» WORK REQUEST
Select all lines in the records that include "with".

Items from a dataset
__________________________________________________
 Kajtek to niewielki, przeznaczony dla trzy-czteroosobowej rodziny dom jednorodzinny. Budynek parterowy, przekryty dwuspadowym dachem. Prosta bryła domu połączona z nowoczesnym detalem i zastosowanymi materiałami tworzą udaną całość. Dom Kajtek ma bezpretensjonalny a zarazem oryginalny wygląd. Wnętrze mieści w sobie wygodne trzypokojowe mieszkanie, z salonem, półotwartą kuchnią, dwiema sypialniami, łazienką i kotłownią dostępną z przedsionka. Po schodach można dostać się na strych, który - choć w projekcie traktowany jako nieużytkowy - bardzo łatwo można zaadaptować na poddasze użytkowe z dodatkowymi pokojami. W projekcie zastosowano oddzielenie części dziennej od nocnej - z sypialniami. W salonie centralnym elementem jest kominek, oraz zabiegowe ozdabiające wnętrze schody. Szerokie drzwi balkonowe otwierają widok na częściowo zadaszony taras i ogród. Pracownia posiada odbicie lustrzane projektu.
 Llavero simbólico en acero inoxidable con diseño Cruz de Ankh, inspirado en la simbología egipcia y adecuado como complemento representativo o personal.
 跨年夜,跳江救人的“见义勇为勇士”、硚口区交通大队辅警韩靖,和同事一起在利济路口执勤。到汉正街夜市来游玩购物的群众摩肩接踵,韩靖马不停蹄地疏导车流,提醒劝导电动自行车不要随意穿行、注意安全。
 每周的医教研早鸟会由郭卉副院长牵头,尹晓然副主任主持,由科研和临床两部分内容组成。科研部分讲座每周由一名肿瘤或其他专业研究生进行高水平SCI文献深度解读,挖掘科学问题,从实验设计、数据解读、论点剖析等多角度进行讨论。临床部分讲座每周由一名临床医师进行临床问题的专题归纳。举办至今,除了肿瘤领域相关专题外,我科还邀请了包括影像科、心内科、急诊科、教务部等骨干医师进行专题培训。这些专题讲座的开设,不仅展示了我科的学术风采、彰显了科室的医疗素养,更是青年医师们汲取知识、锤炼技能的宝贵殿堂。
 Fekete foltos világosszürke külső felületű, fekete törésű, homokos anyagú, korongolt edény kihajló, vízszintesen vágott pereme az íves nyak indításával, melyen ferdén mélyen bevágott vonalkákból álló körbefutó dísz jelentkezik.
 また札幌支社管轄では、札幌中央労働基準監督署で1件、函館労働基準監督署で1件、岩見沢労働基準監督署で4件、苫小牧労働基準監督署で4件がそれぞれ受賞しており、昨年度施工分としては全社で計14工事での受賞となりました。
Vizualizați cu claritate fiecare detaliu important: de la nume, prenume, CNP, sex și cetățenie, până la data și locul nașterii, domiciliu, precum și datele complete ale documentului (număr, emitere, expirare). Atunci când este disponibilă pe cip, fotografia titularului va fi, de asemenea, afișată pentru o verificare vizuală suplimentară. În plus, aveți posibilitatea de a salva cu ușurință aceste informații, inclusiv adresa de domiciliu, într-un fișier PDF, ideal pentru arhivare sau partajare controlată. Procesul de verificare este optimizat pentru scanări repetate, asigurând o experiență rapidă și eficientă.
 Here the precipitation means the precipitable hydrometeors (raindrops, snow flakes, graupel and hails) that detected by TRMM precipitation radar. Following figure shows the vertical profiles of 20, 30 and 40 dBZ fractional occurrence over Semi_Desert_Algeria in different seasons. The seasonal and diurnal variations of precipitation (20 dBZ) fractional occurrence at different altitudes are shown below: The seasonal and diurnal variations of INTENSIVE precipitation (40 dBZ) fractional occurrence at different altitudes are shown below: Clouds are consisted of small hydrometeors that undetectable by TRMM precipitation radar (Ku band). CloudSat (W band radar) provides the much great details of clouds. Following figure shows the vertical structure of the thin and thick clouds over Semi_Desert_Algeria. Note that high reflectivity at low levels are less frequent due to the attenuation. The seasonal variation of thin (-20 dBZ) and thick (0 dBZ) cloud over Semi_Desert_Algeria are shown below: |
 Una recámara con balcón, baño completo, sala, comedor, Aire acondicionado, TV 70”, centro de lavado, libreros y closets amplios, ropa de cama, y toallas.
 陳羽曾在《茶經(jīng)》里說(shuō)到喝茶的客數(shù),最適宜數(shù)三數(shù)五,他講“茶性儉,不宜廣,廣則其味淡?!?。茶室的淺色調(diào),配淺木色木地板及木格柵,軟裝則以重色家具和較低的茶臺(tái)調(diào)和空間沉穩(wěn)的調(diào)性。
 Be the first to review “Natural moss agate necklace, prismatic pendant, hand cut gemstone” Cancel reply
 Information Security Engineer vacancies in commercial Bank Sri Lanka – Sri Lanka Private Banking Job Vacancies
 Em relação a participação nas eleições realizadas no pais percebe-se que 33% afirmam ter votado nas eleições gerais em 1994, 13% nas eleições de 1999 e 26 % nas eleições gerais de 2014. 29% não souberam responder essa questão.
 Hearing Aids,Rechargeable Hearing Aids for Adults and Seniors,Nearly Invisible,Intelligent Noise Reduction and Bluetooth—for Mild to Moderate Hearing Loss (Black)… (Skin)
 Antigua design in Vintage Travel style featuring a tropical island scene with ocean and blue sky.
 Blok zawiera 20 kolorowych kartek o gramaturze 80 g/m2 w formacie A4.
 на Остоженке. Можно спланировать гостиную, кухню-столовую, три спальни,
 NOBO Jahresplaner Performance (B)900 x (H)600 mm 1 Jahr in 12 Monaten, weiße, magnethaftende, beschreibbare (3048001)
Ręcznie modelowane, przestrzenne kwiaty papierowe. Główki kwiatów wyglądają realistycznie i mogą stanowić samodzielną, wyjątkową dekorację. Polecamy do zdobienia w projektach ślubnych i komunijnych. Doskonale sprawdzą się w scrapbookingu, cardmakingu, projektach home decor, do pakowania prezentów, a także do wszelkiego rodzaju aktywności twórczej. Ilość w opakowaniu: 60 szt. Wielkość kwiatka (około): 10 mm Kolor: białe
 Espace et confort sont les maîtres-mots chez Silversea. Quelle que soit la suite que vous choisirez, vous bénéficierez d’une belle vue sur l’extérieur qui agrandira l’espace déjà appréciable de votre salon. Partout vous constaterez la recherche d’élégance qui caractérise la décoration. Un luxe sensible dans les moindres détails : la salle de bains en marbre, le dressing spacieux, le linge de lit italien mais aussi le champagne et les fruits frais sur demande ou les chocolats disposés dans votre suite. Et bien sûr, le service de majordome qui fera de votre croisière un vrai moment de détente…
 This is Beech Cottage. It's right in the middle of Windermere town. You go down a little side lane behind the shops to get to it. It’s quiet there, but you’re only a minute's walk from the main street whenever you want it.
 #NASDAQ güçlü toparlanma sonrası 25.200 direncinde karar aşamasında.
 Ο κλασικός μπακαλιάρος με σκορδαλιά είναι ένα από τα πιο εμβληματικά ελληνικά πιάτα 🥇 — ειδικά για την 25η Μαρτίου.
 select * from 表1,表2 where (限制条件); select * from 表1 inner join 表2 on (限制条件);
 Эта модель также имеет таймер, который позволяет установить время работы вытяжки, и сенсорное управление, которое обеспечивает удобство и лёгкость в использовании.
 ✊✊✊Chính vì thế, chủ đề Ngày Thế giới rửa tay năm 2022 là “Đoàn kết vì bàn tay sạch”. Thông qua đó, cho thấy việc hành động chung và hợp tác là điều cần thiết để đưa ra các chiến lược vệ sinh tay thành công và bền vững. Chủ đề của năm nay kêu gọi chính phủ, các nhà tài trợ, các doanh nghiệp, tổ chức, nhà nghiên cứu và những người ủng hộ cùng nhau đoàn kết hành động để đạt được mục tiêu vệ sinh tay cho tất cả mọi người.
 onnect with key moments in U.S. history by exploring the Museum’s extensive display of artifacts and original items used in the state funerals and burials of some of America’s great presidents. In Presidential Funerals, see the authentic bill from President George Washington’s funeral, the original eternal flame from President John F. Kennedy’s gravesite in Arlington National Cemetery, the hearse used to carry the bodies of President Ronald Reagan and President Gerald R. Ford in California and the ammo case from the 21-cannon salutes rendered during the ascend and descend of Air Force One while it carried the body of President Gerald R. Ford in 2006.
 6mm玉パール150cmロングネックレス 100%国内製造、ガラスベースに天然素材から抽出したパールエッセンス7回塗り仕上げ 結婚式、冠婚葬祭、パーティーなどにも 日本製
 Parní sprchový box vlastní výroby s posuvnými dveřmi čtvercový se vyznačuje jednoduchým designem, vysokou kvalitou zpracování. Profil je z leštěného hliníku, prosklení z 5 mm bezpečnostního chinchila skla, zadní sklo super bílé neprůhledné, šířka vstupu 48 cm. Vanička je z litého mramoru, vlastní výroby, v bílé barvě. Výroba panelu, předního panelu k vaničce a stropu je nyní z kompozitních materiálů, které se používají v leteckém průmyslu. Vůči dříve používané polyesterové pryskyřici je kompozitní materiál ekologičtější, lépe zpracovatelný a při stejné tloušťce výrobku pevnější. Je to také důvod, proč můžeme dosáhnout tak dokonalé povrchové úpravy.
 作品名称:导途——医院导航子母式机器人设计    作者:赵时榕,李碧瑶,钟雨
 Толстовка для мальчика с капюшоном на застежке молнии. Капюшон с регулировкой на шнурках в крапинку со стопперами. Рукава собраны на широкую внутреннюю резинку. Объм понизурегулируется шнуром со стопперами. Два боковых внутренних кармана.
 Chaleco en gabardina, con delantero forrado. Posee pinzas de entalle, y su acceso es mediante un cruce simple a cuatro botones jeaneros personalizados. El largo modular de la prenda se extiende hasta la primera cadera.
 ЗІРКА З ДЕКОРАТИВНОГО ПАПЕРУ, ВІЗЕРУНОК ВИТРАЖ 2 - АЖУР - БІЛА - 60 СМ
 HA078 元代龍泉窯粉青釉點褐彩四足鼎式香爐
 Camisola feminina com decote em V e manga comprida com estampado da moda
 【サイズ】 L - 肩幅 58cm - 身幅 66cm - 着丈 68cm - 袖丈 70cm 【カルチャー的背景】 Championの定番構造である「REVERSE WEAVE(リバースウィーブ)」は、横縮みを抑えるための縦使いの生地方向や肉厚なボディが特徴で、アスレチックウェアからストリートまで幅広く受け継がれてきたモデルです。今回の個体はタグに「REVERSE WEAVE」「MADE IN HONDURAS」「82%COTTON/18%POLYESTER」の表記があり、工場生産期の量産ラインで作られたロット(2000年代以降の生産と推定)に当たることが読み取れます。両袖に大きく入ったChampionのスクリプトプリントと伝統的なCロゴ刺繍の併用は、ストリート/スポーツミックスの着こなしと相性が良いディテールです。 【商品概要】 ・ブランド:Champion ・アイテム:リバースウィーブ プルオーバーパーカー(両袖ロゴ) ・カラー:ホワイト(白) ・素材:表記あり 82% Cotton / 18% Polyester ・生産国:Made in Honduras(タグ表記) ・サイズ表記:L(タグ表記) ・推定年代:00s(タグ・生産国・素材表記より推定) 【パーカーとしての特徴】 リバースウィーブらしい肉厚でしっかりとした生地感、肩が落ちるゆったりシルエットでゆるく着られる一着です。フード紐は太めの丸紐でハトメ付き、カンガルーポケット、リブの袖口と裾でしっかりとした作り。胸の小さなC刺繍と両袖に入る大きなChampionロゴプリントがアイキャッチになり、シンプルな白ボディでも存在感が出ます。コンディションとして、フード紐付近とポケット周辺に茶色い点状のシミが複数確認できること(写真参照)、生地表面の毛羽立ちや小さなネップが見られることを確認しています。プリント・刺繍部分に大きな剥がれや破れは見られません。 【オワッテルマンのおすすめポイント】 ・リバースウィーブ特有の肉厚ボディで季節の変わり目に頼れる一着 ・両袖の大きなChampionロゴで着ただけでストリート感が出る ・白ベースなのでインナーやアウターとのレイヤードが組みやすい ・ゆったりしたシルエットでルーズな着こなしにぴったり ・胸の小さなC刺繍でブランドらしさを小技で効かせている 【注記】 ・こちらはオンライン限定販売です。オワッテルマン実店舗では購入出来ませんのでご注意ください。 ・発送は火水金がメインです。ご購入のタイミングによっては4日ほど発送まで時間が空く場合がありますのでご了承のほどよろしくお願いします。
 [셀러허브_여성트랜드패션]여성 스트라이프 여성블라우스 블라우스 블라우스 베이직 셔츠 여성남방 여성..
__________________________________________________
» FINISHED EXERCISE
 Antigua design in Vintage Travel style featuring a tropical island scene with ocean and blue sky.
 onnect with key moments in U.S. history by exploring the Museum’s extensive display of artifacts and original items used in the state funerals and burials of some of America’s great presidents. In Presidential Funerals, see the authentic bill from President George Washington’s funeral, the original eternal flame from President John F. Kennedy’s gravesite in Arlington National Cemetery, the hearse used to carry the bodies of President Ronald Reagan and President Gerald R. Ford in California and the ammo case from the 21-cannon salutes rendered during the ascend and descend of Air Force One while it carried the body of President Gerald R. Ford in 2006.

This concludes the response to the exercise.